■ **Data section**:
BEGIN
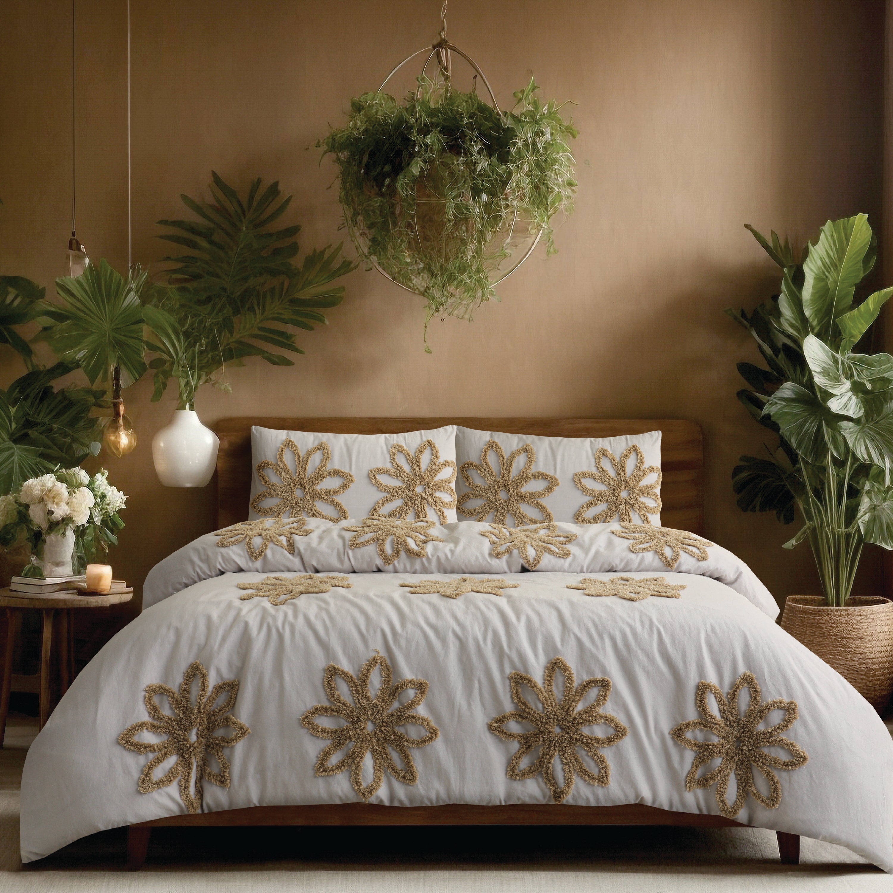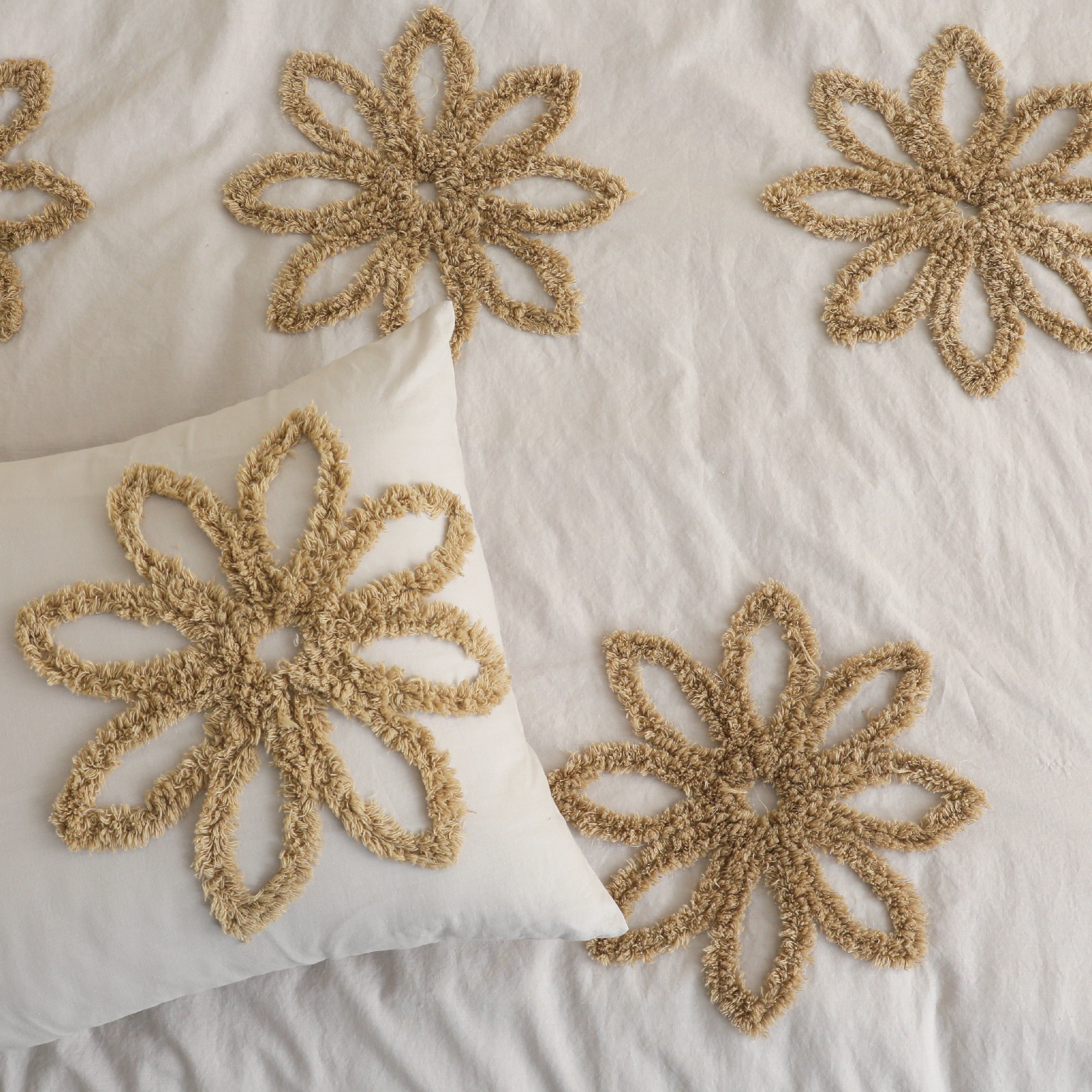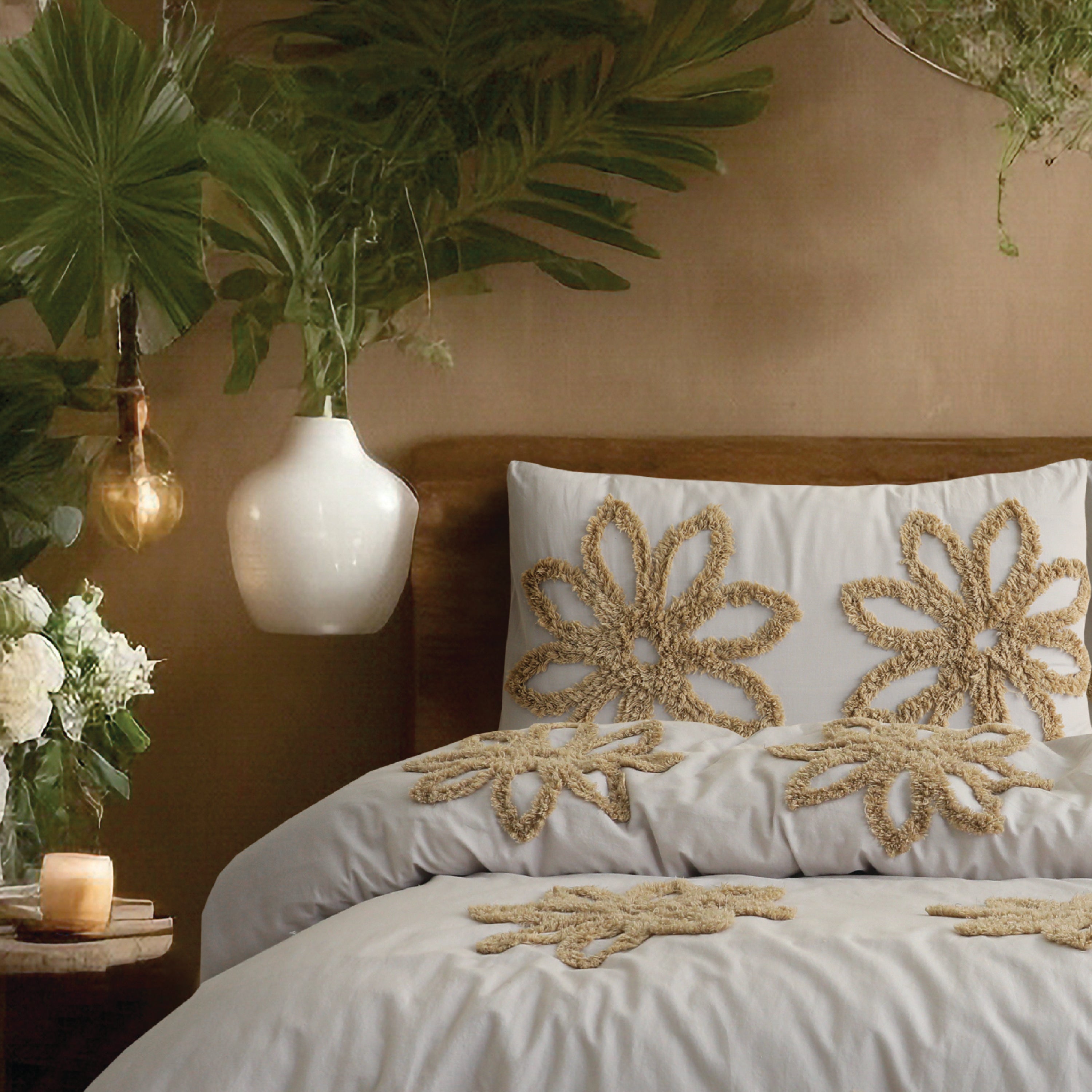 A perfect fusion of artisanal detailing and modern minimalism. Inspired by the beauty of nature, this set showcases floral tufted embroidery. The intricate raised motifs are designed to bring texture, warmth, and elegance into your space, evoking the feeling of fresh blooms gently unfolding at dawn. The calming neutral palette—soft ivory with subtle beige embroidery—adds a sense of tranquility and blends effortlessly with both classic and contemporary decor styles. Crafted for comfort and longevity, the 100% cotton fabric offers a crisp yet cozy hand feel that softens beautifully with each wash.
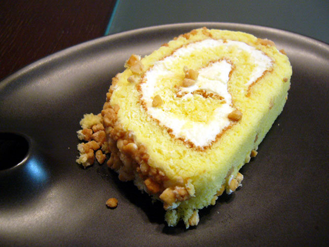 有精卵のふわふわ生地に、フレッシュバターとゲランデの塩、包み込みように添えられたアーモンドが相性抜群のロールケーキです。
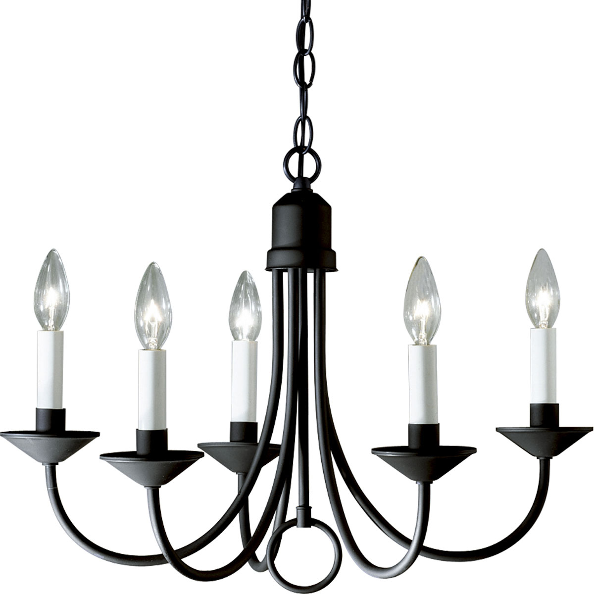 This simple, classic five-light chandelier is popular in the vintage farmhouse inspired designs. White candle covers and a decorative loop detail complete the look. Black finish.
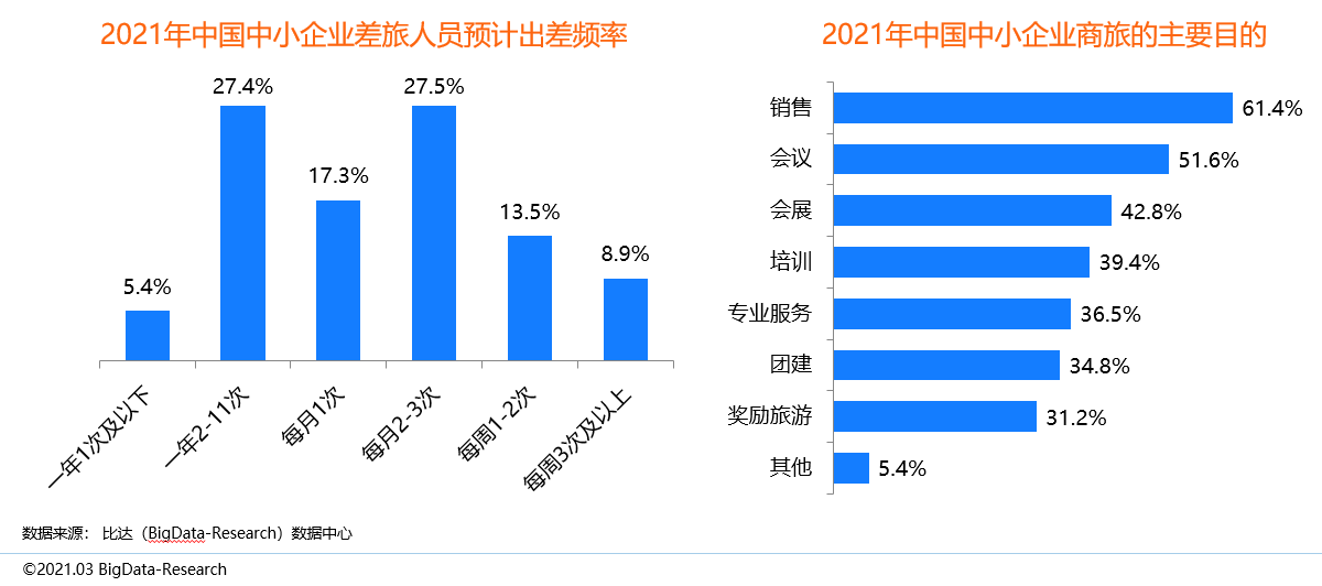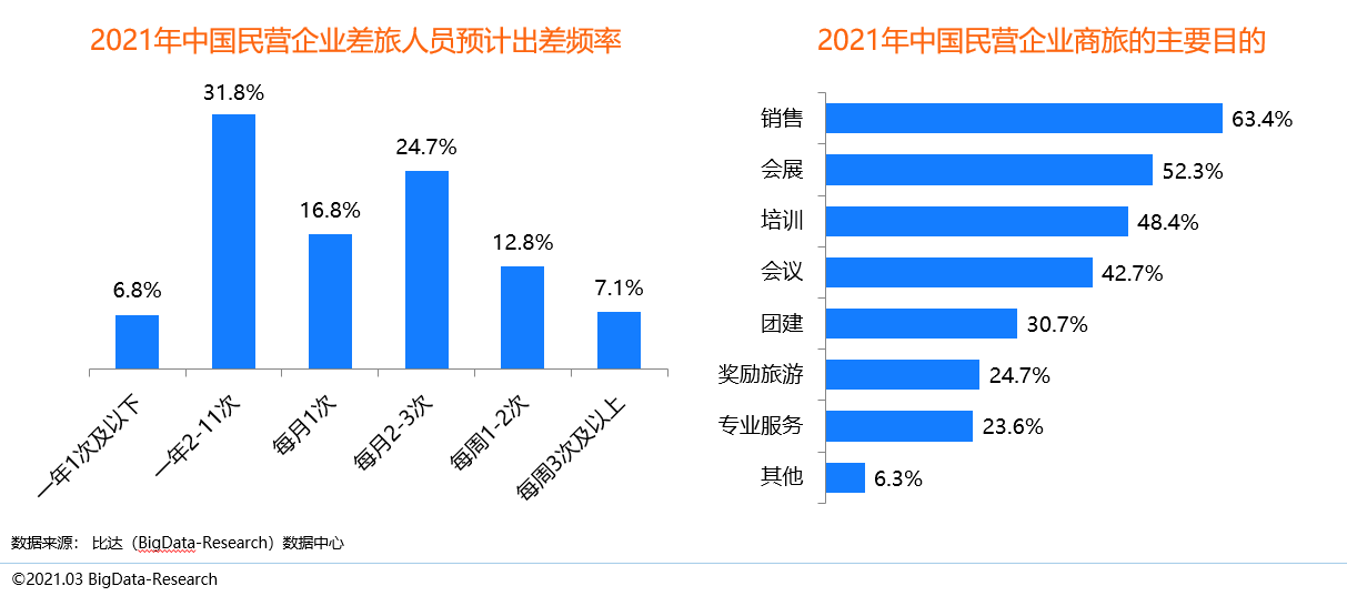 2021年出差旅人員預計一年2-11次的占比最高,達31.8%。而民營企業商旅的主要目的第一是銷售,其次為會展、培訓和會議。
END
■ **Assignment**:
Would you retype all the material above exactly, apart from its pictures?

■ **Exercise solution**:
 A perfect fusion of artisanal detailing and modern minimalism. Inspired by the beauty of nature, this set showcases floral tufted embroidery. The intricate raised motifs are designed to bring texture, warmth, and elegance into your space, evoking the feeling of fresh blooms gently unfolding at dawn. The calming neutral palette—soft ivory with subtle beige embroidery—adds a sense of tranquility and blends effortlessly with both classic and contemporary decor styles. Crafted for comfort and longevity, the 100% cotton fabric offers a crisp yet cozy hand feel that softens beautifully with each wash.
 有精卵のふわふわ生地に、フレッシュバターとゲランデの塩、包み込みように添えられたアーモンドが相性抜群のロールケーキです。
 This simple, classic five-light chandelier is popular in the vintage farmhouse inspired designs. White candle covers and a decorative loop detail complete the look. Black finish.
 2021年出差旅人員預計一年2-11次的占比最高,達31.8%。而民營企業商旅的主要目的第一是銷售,其次為會展、培訓和會議。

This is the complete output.